Jill Misage Webb Senior Counsel

Jill actively represents public companies in capital and credit markets financings and corporate governance matters. She regularly negotiates and completes both innovative and traditional and public and private securities offerings and bank financings. She regularly communicates with and advises senior executives and directors of public companies about corporate governance matters, effective communication strategies, public disclosure documents and 1934 Act documents.

She has concentrated on the representation of energy holding companies, as well as electric utilities and natural gas companies, and has a deep understanding of utility operations, utility regulatory accounting,  and financing needs and opportunities in the energy industry sector.  From 2005-2017, she primarily served as counsel for an investor-owned energy holding company with operations in Texas and New Mexico, and its various operating subsidiaries. In that role, Jill represented the holding company and operating subsidiaries in a variety of public and private capital markets offerings, financings of bank credit facilities and loan agreements, merger and acquisition activities, energy-related accounting issues, NYSE listing compliance, and corporate governance matters. 

From 1998-2004, she served as designated underwriters’ counsel for one of the nation's largest producers and transporters of energy headquartered in Virginia, as well as a large energy-based holding company headquartered in South Carolina. 

Prior to returning to McGuireWoods as Senior Counsel, Jill was a partner at an Am Law 100 firm,  Assistant General Counsel at Capital One Financial Corporation, and an associate at McGuireWoods

Experience

Representation of an operating company issuer in negotiating and entering into a modem utility mortgage and over $700 million private placement of secured first mortgage bonds.

Representation of a holding company in matters related to sale of natural gas operations for $650.0 million.

Representation of a holding company issuer in $100.0 million remarketing of senior unsecured notes and issuance of convertible preferred stock in settlement of stock purchase contracts.

Representation of a holding company issuer in $247.25 million remarketing of senior unsecured notes, additional issuance of $102.75 million senior unsecured notes in connection therewith and issuance of common stock in settlement of stock purchase contracts.

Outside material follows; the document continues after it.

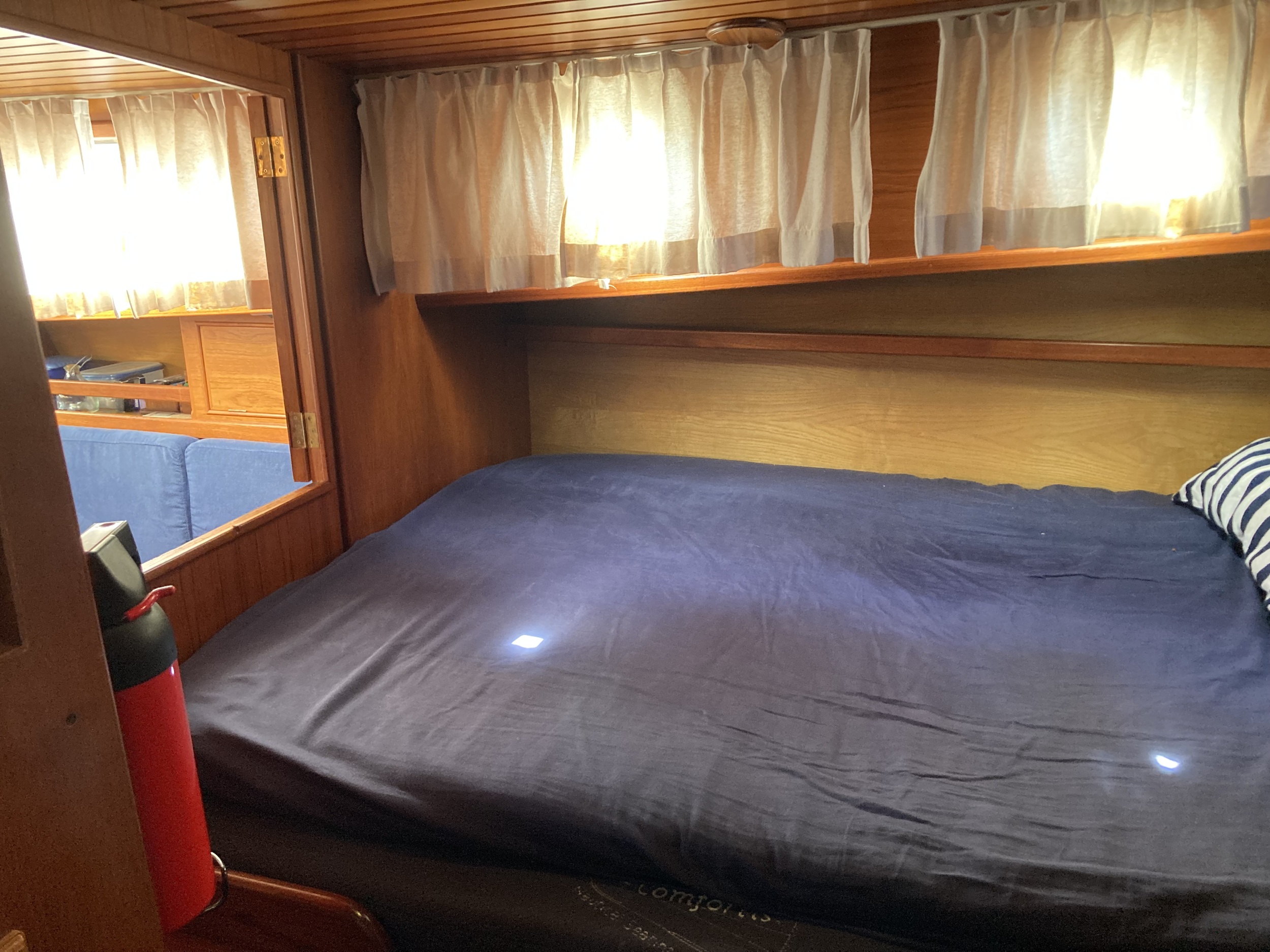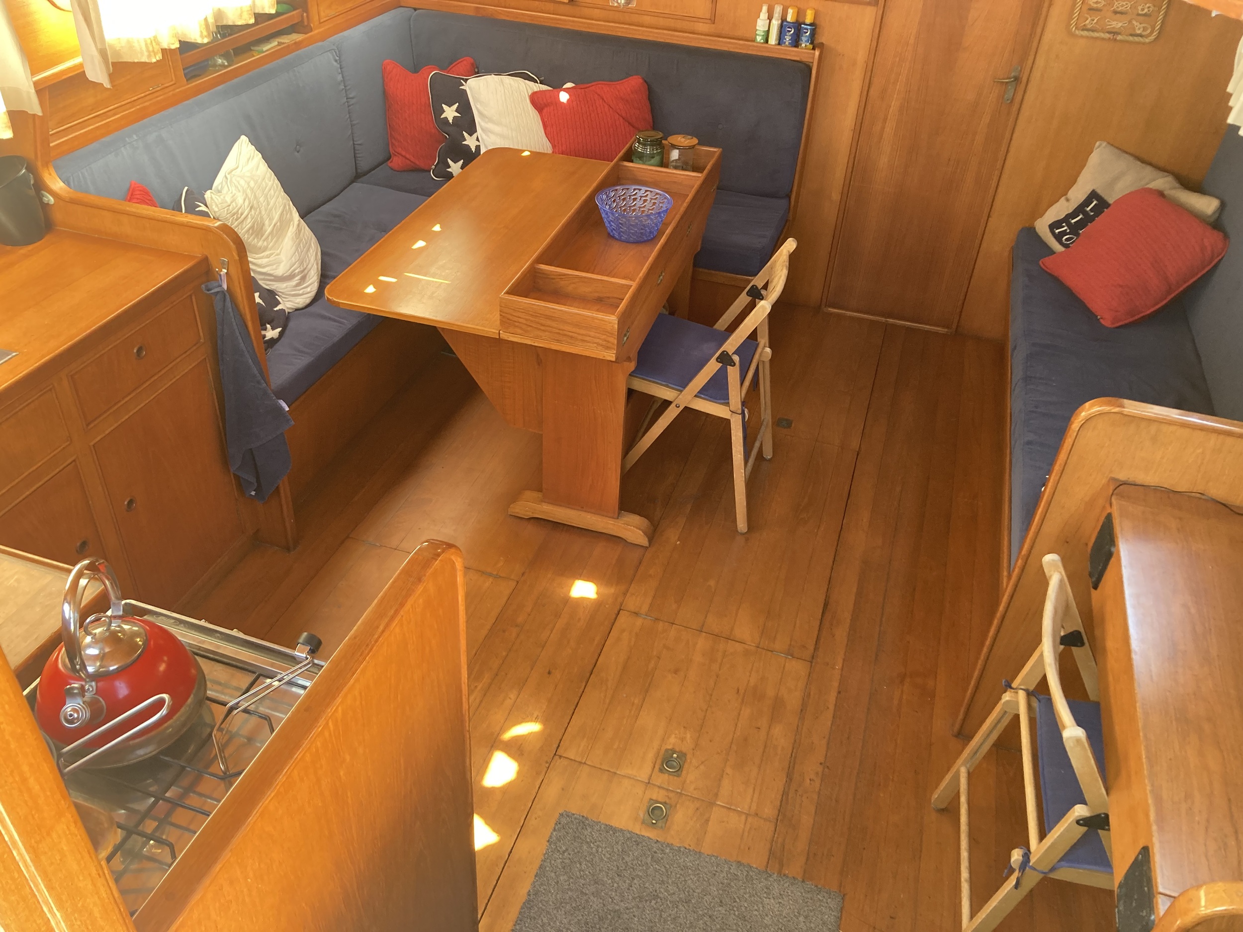 De aak heeft een sfeervol en praktisch ingedeeld interieur. Prachtige massief teakhouten vloerdelen, een kombuis met 3 pits gascomfort, een oven en grote koeling. De salon geeft zitplaats aan 6 tot 8 personen. In het voorschip is een mastercabin met 2 persoonsbed en hangkast. Er is aan stuurboord een elektrisch toilet met douche. In de voorkajuit is een gastenhut met 4 bedden.

Representation of an operating company issuer in $350.0 million senior unsecured notes.

Representation of a holding company issuer in $154.0 million common stock offering.

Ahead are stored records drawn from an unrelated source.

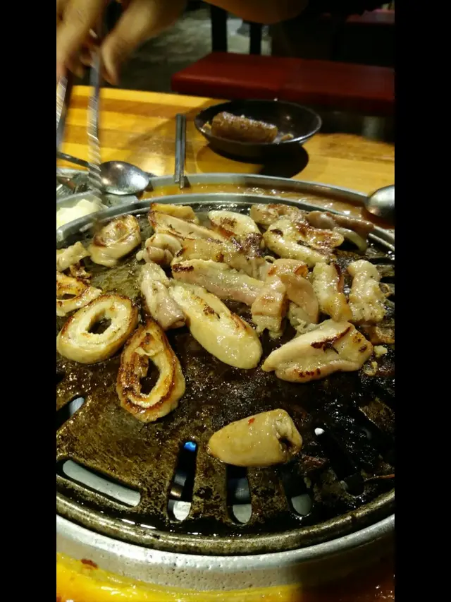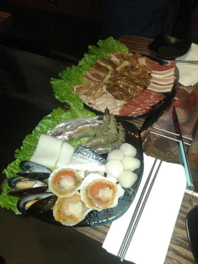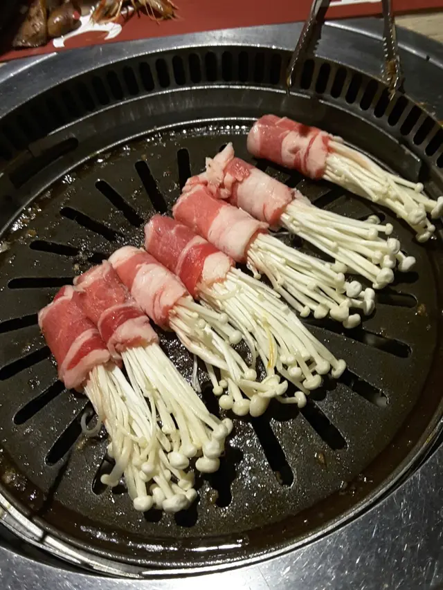肉类:金菇肥牛、猪扒、雞翼、牛肋骨、辣豬肉、雞肉、牛肉、魷魚、辣豬趴、魷魚蘇⋯辣豬趴醃得夠入味、魷魚好新鮮彈牙,魷魚蘇好大件,牛肋骨切得好均勻,牛肉好嫩不老,豬趴都有辣有唔辣,各取所需。生果甜品:西瓜、火龍果、泡芙、蛋糕、蛋捲、糕點。韓國蘇打任飲:蘋果蘇打、藍莓蘇打。三文魚刺身、各類壽司,仲有豬腳薑添,人參雞湯,蕃薯糖水、湯圓布丁、雪糕。果然無選錯,金甲環境衛生都可以,通風唔錯,盧頭獲利夠大,燒完一味又一味,食唔停口,$200蚊樓下可以食咁多美食,實在抵。…查看更多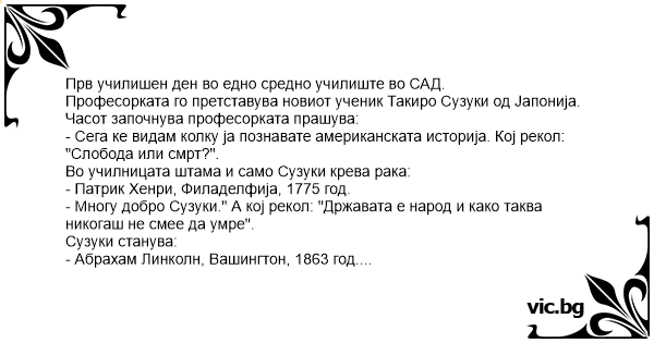 Nauczycielka przedstawia nowego ucznia w Amerykańskiej klasie: - To jest Sakiro Suzuki z Japonii Lekcja się zaczyna. Nauczycielka mówi: - Dobrze, zobaczymy jak sobie radzicie z historią. Kto mi...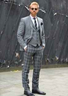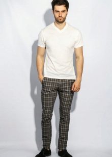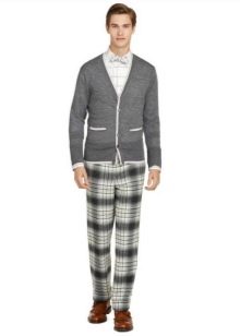 لكن، لا ينبغي تخفيض السراويل الرمادية... هذا اللون له العديد من المزايا: فهو ينسجم بشكل إيجابي مع أي ملابس ، ويؤكد ثراء نغمات العناصر "العلوية" في خزانة الملابس ، كما أنه غير مميز وعملي. يعتبر القفص الأبيض الرمادي مع إضافة خطوط سوداء مناسبًا للارتداء اليومي وفي المناسبات الاحتفالية ، ويبدو جيدًا على كل من الشباب والرجال الأكبر سنًا. للمنزل والمشي في الشوارع ، يمكنك اختيار البضائع ذات اللون الرمادي الداكن مع جيوب كبيرة أو بنطال بنمط بيجامة - تستكمل عادة بأحذية رياضية أو من جلد الغزال.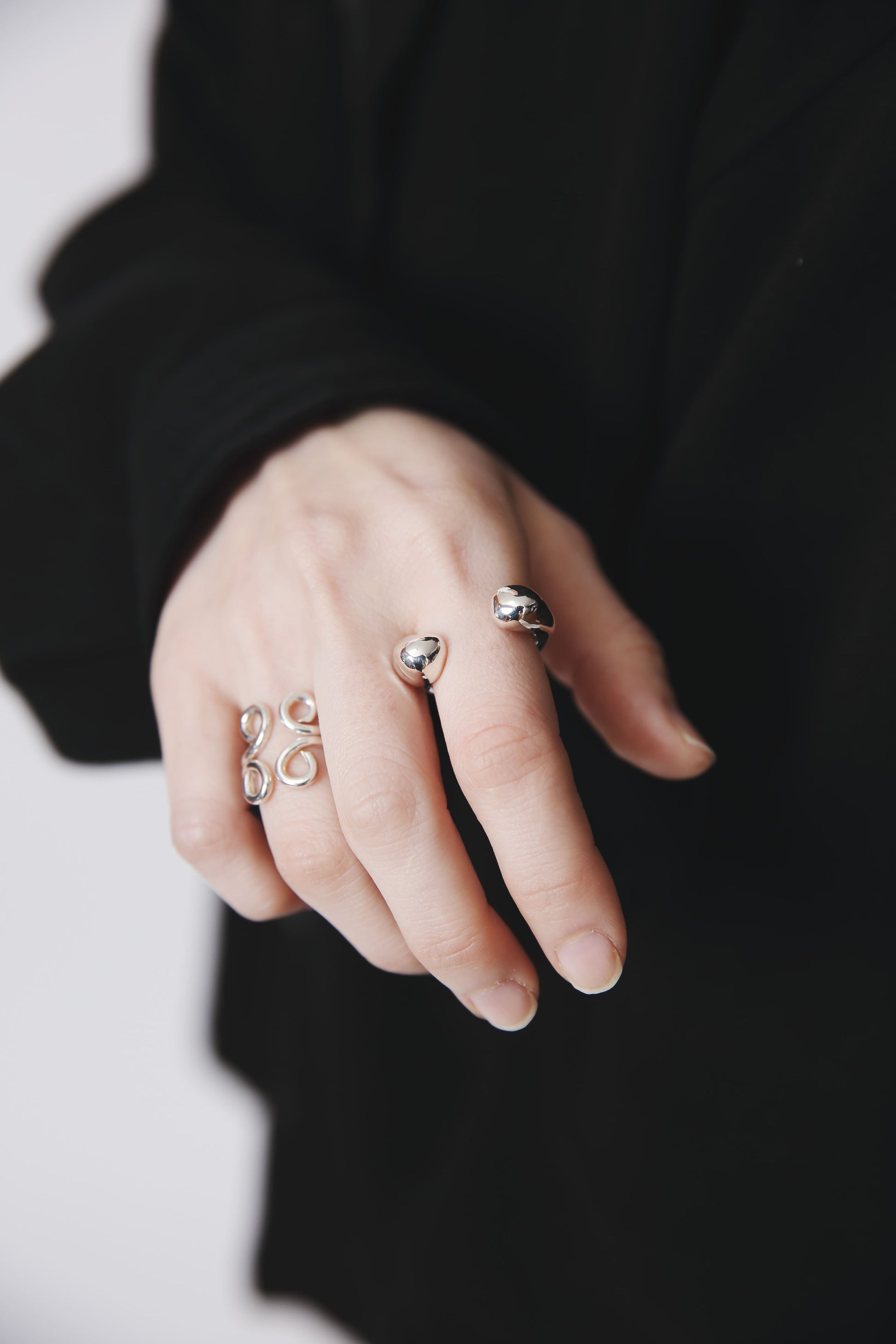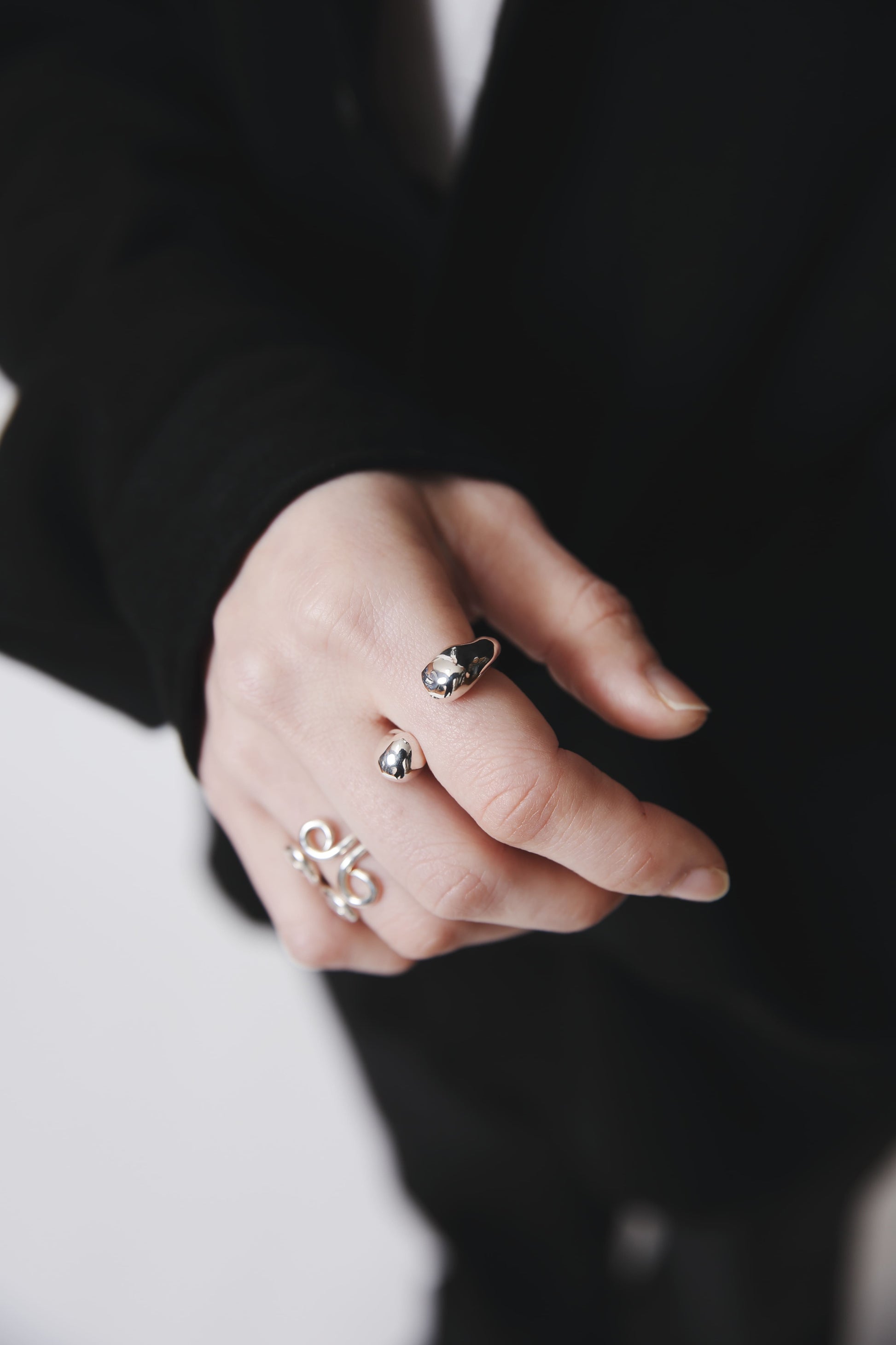 不規則な丸みとスターリングシルバーの美しさが生み出す、不均衡と違和感が何故かクセになるフォルム。

Representation of a holding company issuer in $300 million equity distribution agreement for at-the-market offerings of common stock.

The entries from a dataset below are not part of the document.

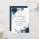 Dusty Blue Navy Dark Slate Floral Pastel Wedding Invitation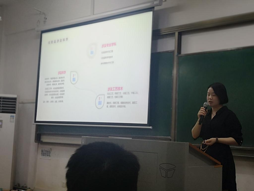 龚婷首先介绍了我国化妆品行业的市场规模、化妆品全产业链概览、行业技术发展和人才需求及行业趋势预测,让员工们对化妆品行业的现状、未来发展趋势有了详细的了解。然后,讲解了不同岗位的职能分布及人员应聘所需要的相关条件,并为员工介绍需要着重学习和掌握的技能,并建议同学们在大学期间打好专业基础,多锻炼自己各方面的能力来提升竞争力,不断积累经验,以体现自身价值。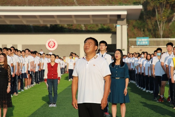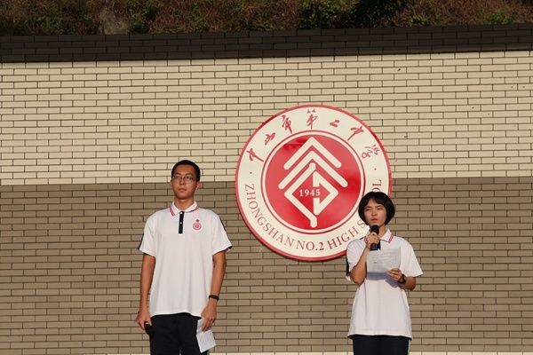 11月14日清晨,中山二中于體育場開展本周升旗儀式,國旗班同學手持國旗,列隊進場。鮮紅的國旗,伴隨著雄壯的國歌聲,升旗儀式莊嚴而神圣。高三9班兩位同學作《七七風華,求實向善!熱烈祝賀中山市第二中學77周年校慶》的國旗下演講。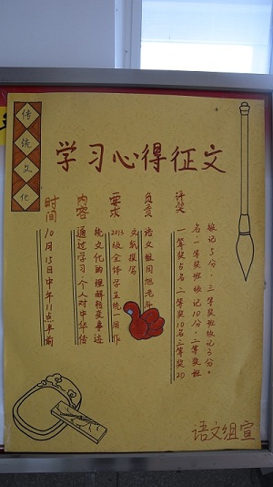 学校开展学习优秀传统文化心得征文比赛。各班学生积极投稿,共收到稿件300余份。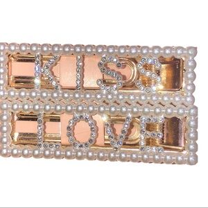 Pearls and gems Embellished monogrammed hair clips LOVE and KISS - mix n match FREE with $50 purchase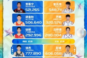 體育資訊1月19日訊 CBA官方發(fā)布了2026CBA全明星賽首發(fā)球員票選第二周票數(shù)情況。徐杰當(dāng)選第二周南區(qū)票王,趙睿當(dāng)選第二周北區(qū)票王。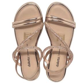 Design Elegante: Com tiras finas adornadas por strass brilhantes, esta sandália metalizada é a definição de glamour. O acabamento metalizado traz um toque moderno e sofisticado, perfeito para qualquer ocasião.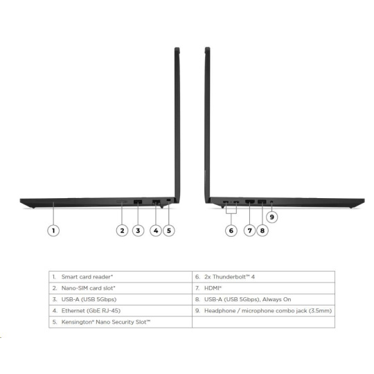 | Standartné porty | 1x USB-A (USB 5Gbps / USB 3.2 Gen 1) 1x USB-A (USB 5Gbps / USB 3.2 Gen 1), Always On 2x USB-C® (Thunderbolt™ 4 / USB4® 40Gbps), with PD 3.0 and DisplayPort™ 1.4 1x HDMI® 2.1, up to 4K/60Hz 1x Headphone / microphone combo jack (3.5mm) 1x Ethernet (RJ-45) 1x Security keyhole |

Representation of a holding company and operating companies in various unsecured term loans and revolving credit facilities and amendments related thereto.

Representation of underwriters in offerings of more than $32.0 billion of public securities from 1998-2004, including senior notes, common stock, preferred stock, medium-term notes, convertible securities, trust preferred securities, equity income securities, remarketable debt securities and municipal securities.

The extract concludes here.